Steven Goodman: Statistical methods as social technologies versus analytic tools: Implications for metascience and research reform

Statistical methods can be viewed through different lenses; as technical tools to detect signals and quantify uncertainty, or as foundations for making epistemic claims. The use of similar technical tools in different sciences can obscure the profoundly different epistemic cultures across the sciences. Elements of these cultures include what constitutes sufficient grounds for making a claim, e.g. that an intervention “works”, and who is qualified to make that judgment.

If these differences are not acknowledged, which they rarely are, debates about how to improve the use of statistics in science often miss the mark, never reaching closure. This will be shown with recent empirical work on whet- her specialized statistical review is needed for research papers, efforts of a major science funder (PCORI) to improve statistical practice in its funded research, and controversy about the use of statistical significance in published research. I will discuss what this means for metascience and for improving statistical practice.
  

Steven Goodman

Professor of Medicine and Health Research and Policy, Stanford University

Steve Goodman, MD, MHS, PhD is Associate Dean of Clinical and Translational Research and Professor of Medicine and Epidemiology in the Stanford School of Medicine. He is chief of the Division of Epidemiology and directs a newly established office in the School of Medicine to improve “researcher readiness” and the reproducibility of laboratory and clinical research. He is co-founder and co-director of the Meta-research Innovation Center at Stanford (METRICS), a group dedicated to examining and improving the reproducibility, integrity and efficiency of biomedical research. His research is in the methods and philosophical foundations of statistical inference, particularly the proper measurement, conceptualization and synthesis of research evidence, with an emphasis on Bayesian approaches. He also has worked on the connections between ethics and scientific methods, particularly in interventional research.

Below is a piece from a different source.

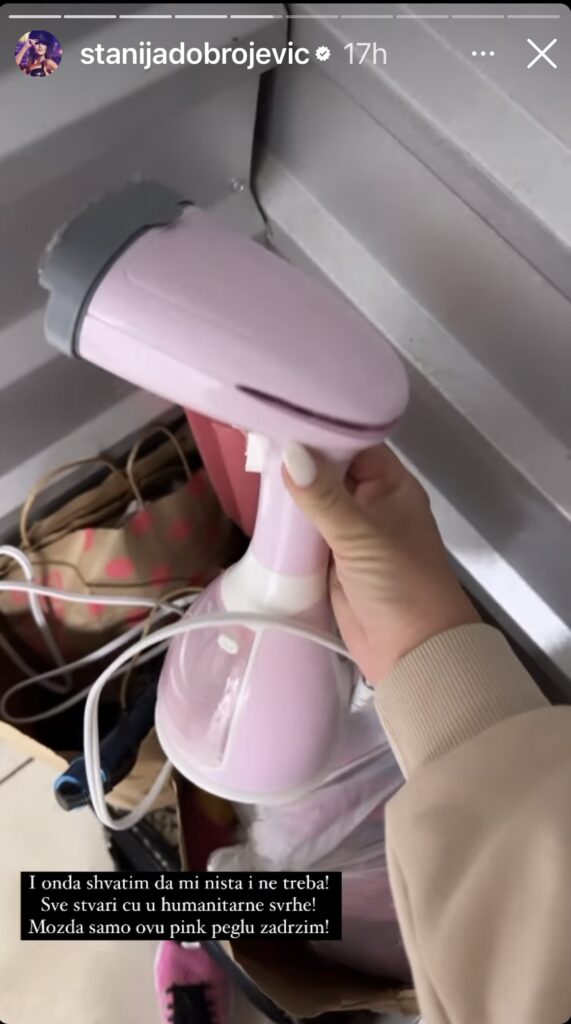 -I onda shvatim da mi ništa i ne treba! Sve stvari ću u humanitarne svrhe Možda samo ovu pink peglu zadržim – napisala je Stanija.
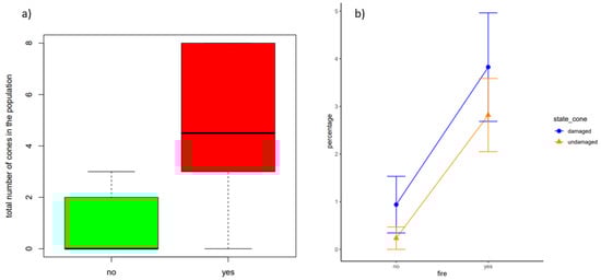To understand the role of fire, we investigated whether fire affects the reproductive organs, i.e., the cones of the species. We found that fire is not linked to differences in sex ratio across the entire population (ANOVA, DF = 1, F = 0.013, p = 0.912). However, we found that fire-prone populations not only possess more cones (ANOVA, DF = 1, F = 13.38, p = 0.0018; Figure 4a), but they also tend to have more damaged cones than unburnt populations (negative GLM; β = 1.77 ± 0.61, p = 0.0035; Figure 4b).

Finally, he has a strong interest in developing curricula and new models for teaching the foundations of good scientific practice.Among his current national positions and recognitions included chairing the Methodology Committee of PCORI (Patient Centered Outcomes Research Institute), being awarded the 2016 Spinoza Chair in Medicine from the University of Amsterdam for his work in scientific and statistical inference, serving as scientific advisor to the national Blue Cross-Blue Shield technology assessment program and being senior statistical editor at the Annals of Internal Medicine, since 1987. Before coming to Stanford in 2011, he was at the Johns Hopkins Schools of Medicine and Public Health, where he directed their cancer center’s Division of Biostatistics and Bioinformatics and the Dept. of Epidemiology’s doctoral program.